Nous avons eu l’occasion de souligner ailleurs que cette démonstration est parfois très difficile à faire en pratique. En l’occurrence, la cour s’est appuyée sur le fait que les termes du titre étaient liés à l’œuvre à laquelle ils s’appliquent.

On peut toutefois s’interroger sur le point de savoir si cette jurisprudence est conforme à la jurisprudence de la Cour de justice de l’Union européenne.

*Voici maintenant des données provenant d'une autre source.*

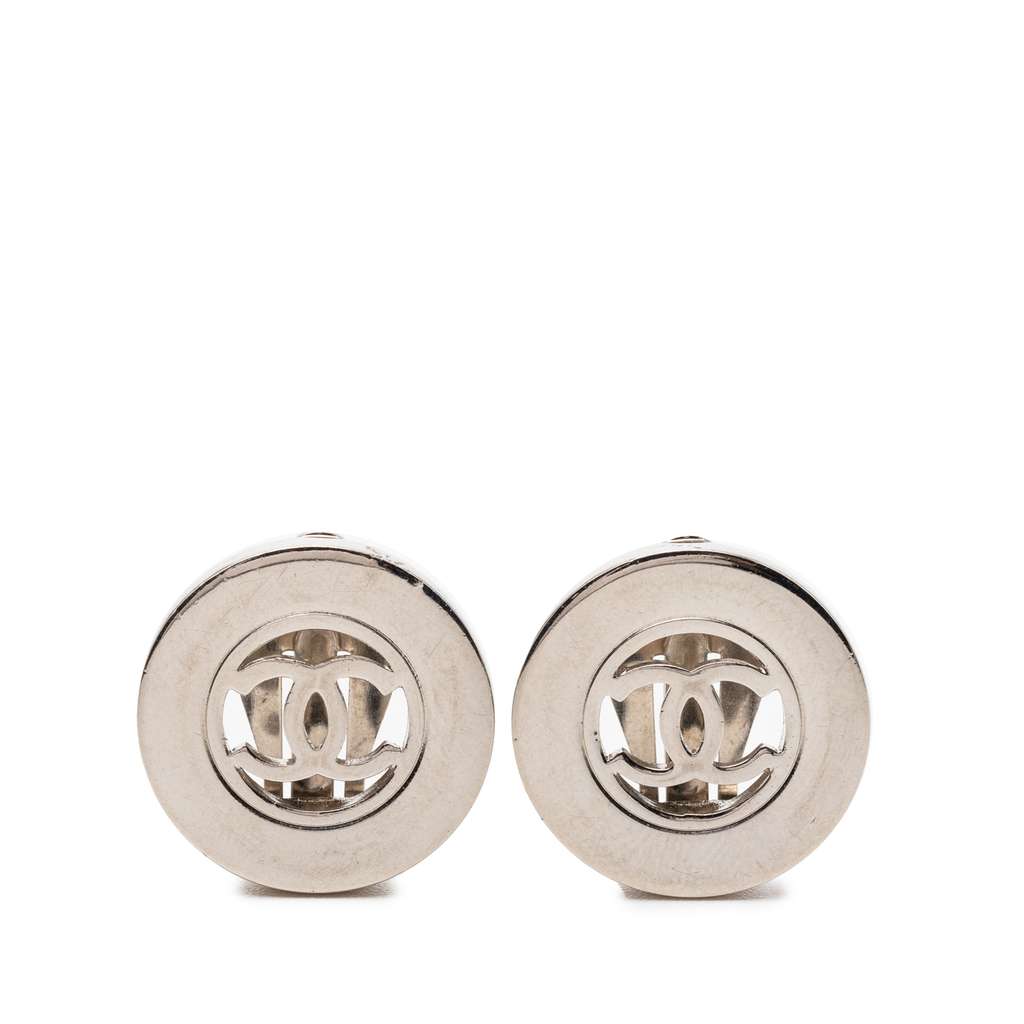 Chanel CC Brass Plated Round Clip On Earrings Silver Brass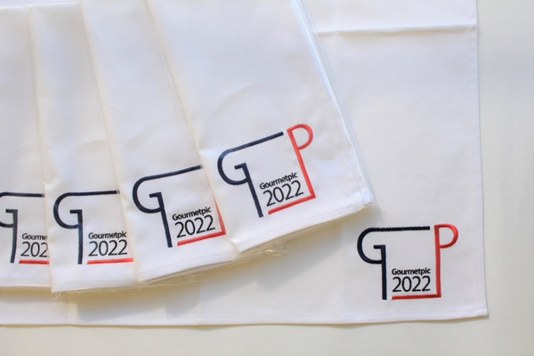 ロゴマークが右下に刺繍されたトーションを配布します。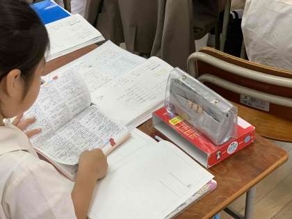 分厚い辞典に苦労しながらも、意味調べをしました。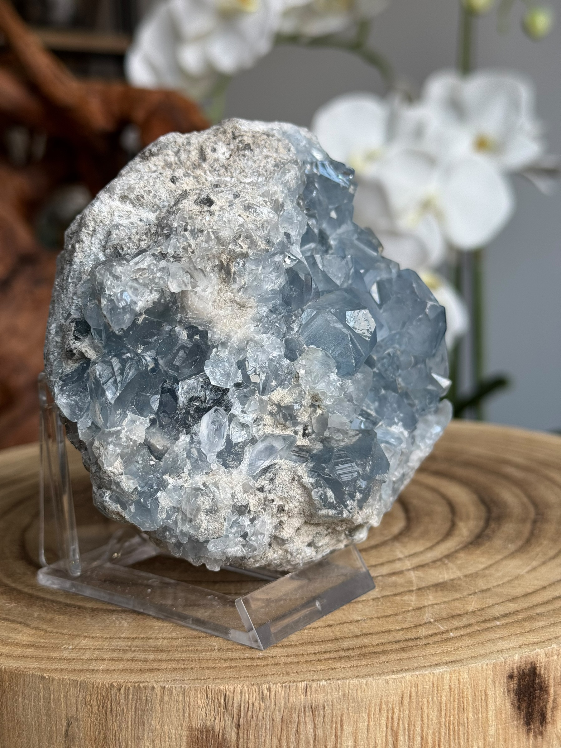 Celestien, ook bekend als celestiet. Het komt vaak voor in kristalvorm en wordt gewaardeerd om zijn hemelsblauwe tinten. Celestien wordt vaak gevonden in geoden en kan delicate en fragiele kristalstructuren hebben.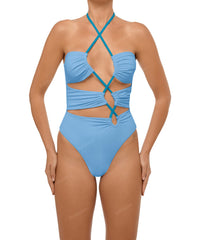 - Detail Feature: Asymmetric cut out one piece, Ruching detail, Adjustable criss cross halter neck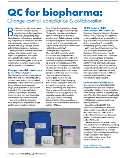 斯百全化学(上海)有限公司(Spectrum China Limited)成立于2005年,专注于为制剂生产提供药用辅料。斯百全化学为客户提供多样化的定制包装服务,以满足从处方筛选、中试到商业化生产等不同阶段的需求。此外,公司还能够协助客户进行制剂辅料的关联审评,确保符合中国国家药品监督管理局的相关法规要求。斯百全化学致力于提供高质量的产品与服务,确保客户能够选择到最优质的制剂辅料。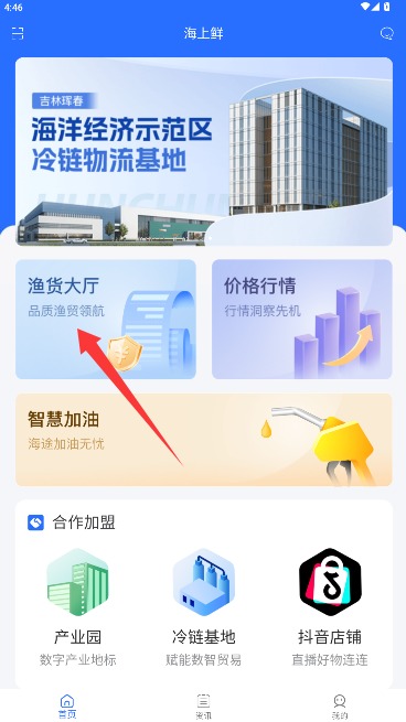 进入首页后,选择渔货大厅功能模块,浏览各类新鲜海产品的供应信息与价格,找到心仪的海鲜产品后,点击进入详情页面,完成购买操作流程。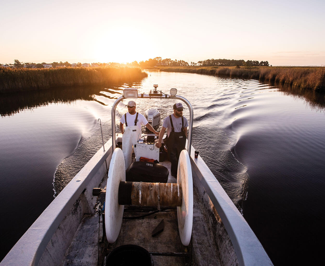Brothers Chad and Carson Dunn, cups of Circle K coffee and cigarettes close at hand, are motoring north on NC Highway 12 heading to Chad’s fishing boat, docked inside a Kitty Hawk subdivision. Within minutes of arriving, and before the sun has crested the loblolly pines, the brothers have donned Grundens bib overalls and set out into Albemarle Sound to see what’s turned up in the gill nets that Chad set out the day before.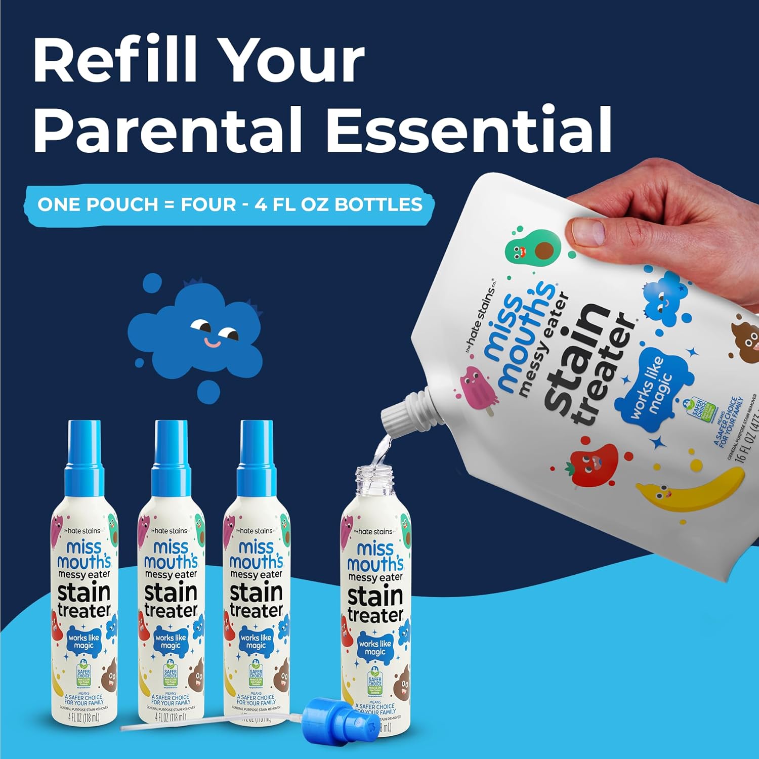 - SAFER CHOICE CERTIFIED Our stain remover is proudly EPA Safer Choice certified, giving you peace of mind that it meets your high standards for health and safety. Miss Mouth’s Messy Eater Stain Treater formula gets the job done while being a safer choice for you and your family.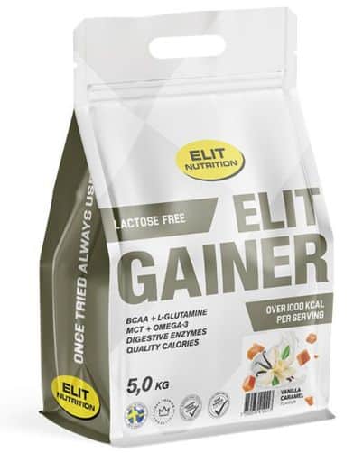 ELIT GAINER fra Elit Nutrition er en god løsning for dem, der vil øge vægten uden at gå på kompromis med kvaliteten. Med over 1.000 kcal pr. portion indeholder gaineren mange komplekse kulhydrater og protein fra valle og mælkeproteinisolat. Fordøjelsesenzymerne hjælper med at optage næringsstoffer optimalt. BCAA og L-glutamin støtter muskelrestitution og -vækst. At produktet er laktosefrit er en fordel for laktoseintolerante. MCT-fedtsyrer og omega-3 bidrager til en balanceret kost. Den naturlige frugt- og bærblanding giver en god smag og tilføjer næringsstoffer.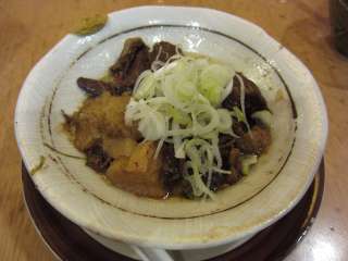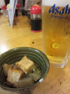 メニューは売りのおでんと焼き物の他にも刺身などいろいろ揃っています。何を食べようかと迷ってしまいます。でも、おでん目当てに寄ったので、外せませんね。まずは定番の大根\180、こんにゃく\180、そしてたまご\150ですね。そして牛すじ煮\550を注文しました。 |

Dans son arrêt Infopaq de 2009, la CJUE a certes jugé qu’une combinaison de mots peut être originale (CJUE, 16 juillet 2009, Infopaq, C‑5/08). La CJUE a toutefois précisé par la suite la notion d’originalité en affirmant qu’est originale une œuvre qui résulte de choix libres et créatifs (CJUE, 1e décembre 2011, Painer, C-145/10).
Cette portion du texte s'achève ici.